As you may suspect, you are not alone with your chocolate cravings. The question is where are these cravings coming from? Cravings for chocolate or sugar can occur for a number of reasons, and the first step in deducing your craving is to understand why you are craving it the first place.
While several factors may contribute to chocolate being your sweet vice, part of the problem may be that you have a magnesium deficiency. Many people are deficient in magnesium, and chocolate is often a source of this important mineral. According to Dr.
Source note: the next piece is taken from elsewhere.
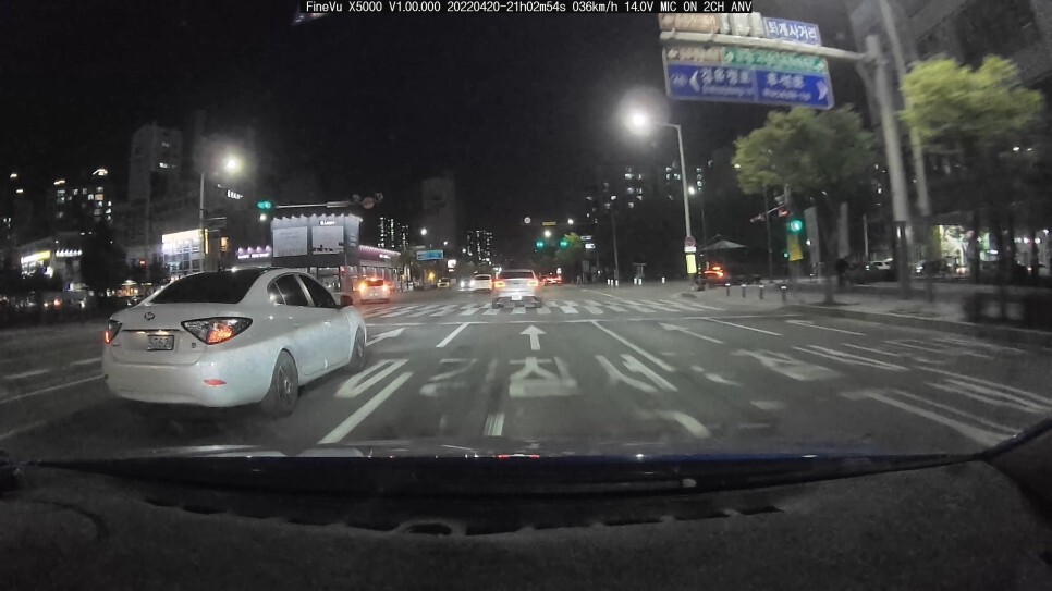 이번에도 어두운 교차로 신호 대기 중인데, 바로 앞 K3 는 물론 두 블랙박스 모두 3차선의 아반떼 스포츠 차량 번호판 식별도 가능하였습니다.

Carolyn Dean’s book, The Magnesium Miracle, magnesium has been largely ignored in health care, yet it has been scientifically proven to be a vital part of our overall health. In America nearly two-thirds of the population are deficient because of the high amount of junk food in diets. If you are eating more junk foods and highly processed foods, you are not getting enough of the right vitamins and minerals into your body.
Benefits of magnesium.
Magnesium is required for over 300 biochemical reactions throughout the body. Magnesium is vital for the following:
• Maintenance of healthy muscle
• Nerve and heart function
• Bone and teeth health – just as important as calcium!
• Regulating blood pressure and blood sugar levels
• Maintaining tissue sensitivity to insulin
• Detoxifies toxic chemicals and eliminates heavy metals from the body
Interestingly, clinicians often note that magnesium deficiency leads to sugar cravings and chocolate cravings that disappear as soon as magnesium levels are brought back to normal. Because large amounts of magnesium are found in the hippocampus (the "emotional, thought and memory center of the brain"), deficiencies may form the emotional environment which encourages carbohydrate cravings.
A number of both animal and rat trials have shown that stress triggers chocolate cravings, which may in turn be related to noradrenaline and dopamine levels in the brain.
Dopamine has been called the "pleasure neurotransmitter" and evidence shows that dopamine is a magnesium-dependent neurotransmitter. It is possible that low levels of magnesium trigger low levels in dopamine in the brain, possibly triggering desires for chocolate as a biological attempt to increase dopamine and thus increase pleasure.
According to the Nutrition Guide for Clinicians, magnesium deficiency can lead to migraines, particularly menstrual migraines. Other serious conditions such as chronic fatigue syndrome, fibromyalgia, asthma, bronchial diseases, Parkinson’s and Alzheimer’s may be partially attributed to magnesium deficiency, as these patients often have low levels of this mineral.
Magnesium-rich foods include spinach, black beans, halibut, pumpkin and squash seeds, okra, whole grains, scallops and cacao/chocolate.
Now, back to chocolate
Does this mean you should run out and stock up on chocolate bars? Unfortunately, no. Most chocolate treats are also loaded with refined sugars, which are harmful to your body. To receive the true benefits of chocolate, including its high magnesium content, it’s important to find the purest form of chocolate. That means the higher cacao content, the better.
Cacao is the pure, original form of chocolate. The cacao plant has small beans containing the cacao, which is harvested, processed and turned into your favorite chocolate bar. There are dark chocolate bars with 60, 70 or 85% cacao content. While these are much better than their milk chocolate counterparts, they still contain sugar and other added ingredients. The healthiest option is to consume pure, raw organic cacao in powder or nibs form. Cacao is not only high in magnesium, but this super food is also an excellent source of dietary fiber, polyphenols and flavanols.
How to eat cacao
Cacao powder is delicious in a smoothie! Try combining the following ingredients in a blender – or experiment with your own - to make a super smoothie for breakfast or lunch. It’ll help give your body a major boost of essential vitamins and minerals and help curb that chocolate craving.
• 1 tsp cacao powder
• 200ml rice or almond milk
• ½ ripe avocado
• ½ banana
• 1 T raw, all natural almond butter
• ½ cup raw kale, stems removed
Because it is likely that mineral deficiencies are widespread, particularly in the dieting population, it is important that some assessment of mineral status be made. Correcting mineral deficiencies can go a long way toward helping the frustrated dieter control her impulses to eat something sweet, something fatty, or something devoid of nutrition in an attempt to satisfy an inner compulsion.